ASVAB mathematics is a difficult area for many, but with patience and logic, it can be easy and even (gasp) enjoyable!

"Bistromathics itself is simply a revolutionary new way of understanding the behavior of numbers. Just as Einstein observed that space was not an absolute but depended on the observer's movement in space, and that time was not an absolute, but depended on the observer's movement in time, so it is now realized that numbers are not absolute, but depend on the observer's movement in restaurants."

- Douglas Adams

"Like the crest of a peacock, so is mathematics at the head of all knowledge."

- Indian saying

What are the most important steps in solving a math problem?

  1. Identify the question.
  2. Put the question into a mathematical equation.
  3. List the information you need.
  4. List the steps to solve the problems.

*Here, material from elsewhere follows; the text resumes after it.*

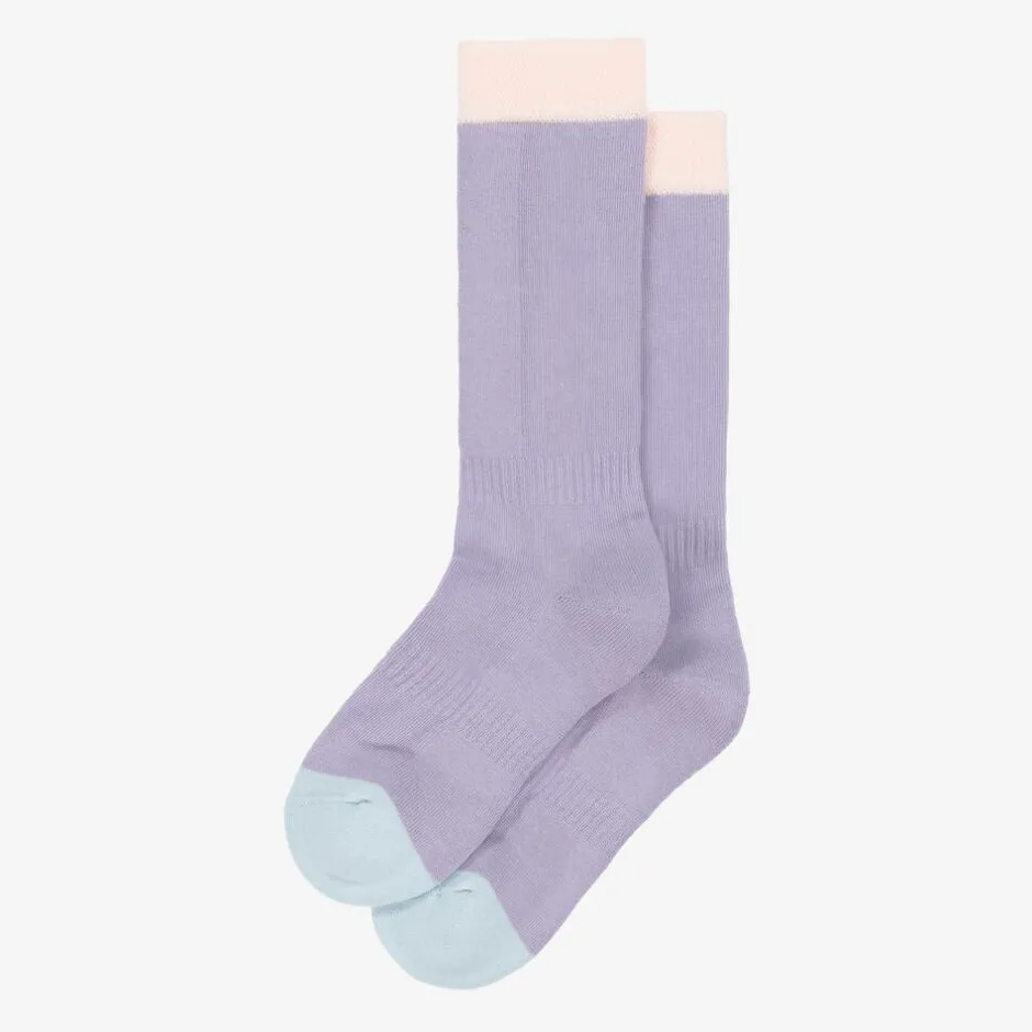 Lilac purple socks for girls from Roarsome, knitted in a soft organic cotton blend. The cuff and toes are contrasting pink and blue for a fun finish. Ideal for keeping little toes warm, they have terry panelling inside for added comfort.

In the mathematical knowledge section, problems are more or less laid out for you: The question is clear. In the arithmetic reasoning section, you are presented with word problems, so you will need to pay more attention to identify the question being asked.

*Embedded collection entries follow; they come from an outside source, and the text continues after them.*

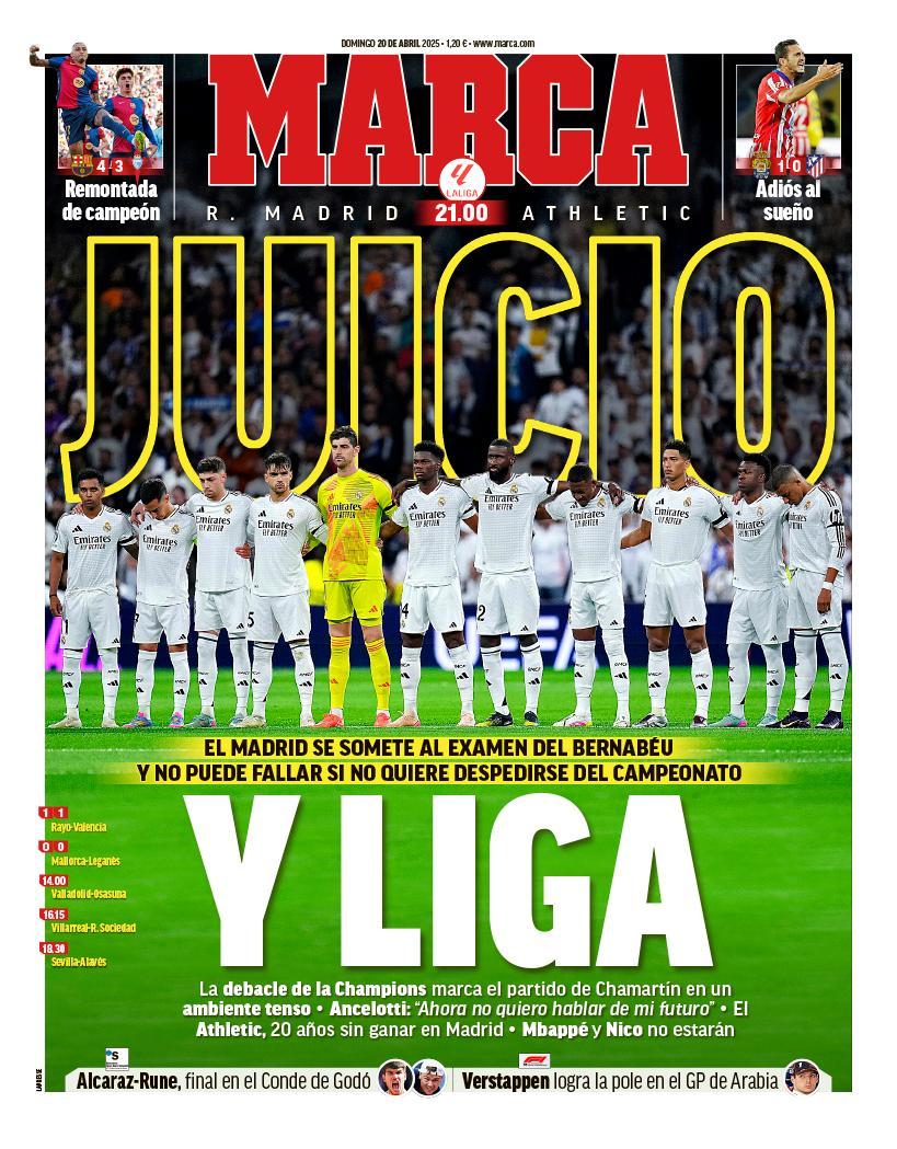 El Real Madrid - Athletic protagoniza las portadas deportivas del domingo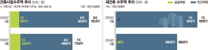특히 재건축 사업의 경우 지난 3월 국내 건설사들이 수주한 총액은 8955억원으로 전년 동기(1조1916억원)에 비해 24.8% 하락했다. 민간부문의 재건축 수주액은 전체 재건축 수주액 중 대부분에 해당하는 8908억원이다. 이는 전년 동월(1조1916억원) 대비 25.2%가 줄어든 수치다. 반면, 공공부문의 경우 전년에는 없었던 수주액이 올해 48억원으로 상승했지만, 민간부문의 부진을 메우기에는 액수가 매우 적었다.
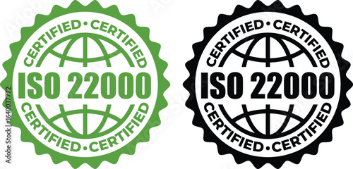 © Rafay, Obraz premium ISO 22000 Certification Stamp – Vector Seal and badge for Food Safety Standards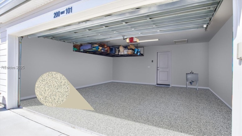 - Two-car garage with storage racks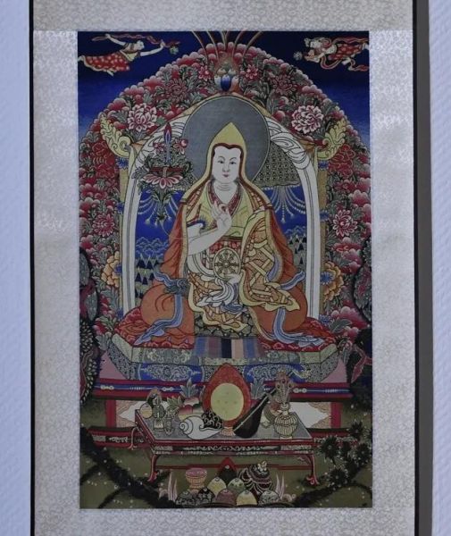 本作品的主體是藏傳佛教格魯派創(chuàng)始人宗喀巴。豐富的層次,飽滿的花紋,使其成為獨(dú)具風(fēng)格的高檔全真絲宋錦唐卡。

Especially with math problems, practice makes perfect. Here, we will present you with most of the mathematics topics that will be addressed on the test. In order to be fully prepared, however, you must practice, practice, practice.

Mathematics Topics to Know

Here is a list of mathematics topics and terms you are likely to encounter on the ASVAB. Items are in alphabetical order.

Algebra

Algebra is math that represents numbers with symbols, enabling equations to be solved more easily.

For example, if you want to buy four new tires for your car, with each one costing $75, you could calculate the price by simple addition: $75 + $75 + $75 + $75 = $300. But you also could represent the price as 4P, where "P" represents the price of a single tire. This would be easier to write down, for one thing. It is also more flexible: say you decide to buy tires that cost $100 each instead. You still can use 4P as the equation for the total, which now would be 4 x ($100 each) = $400.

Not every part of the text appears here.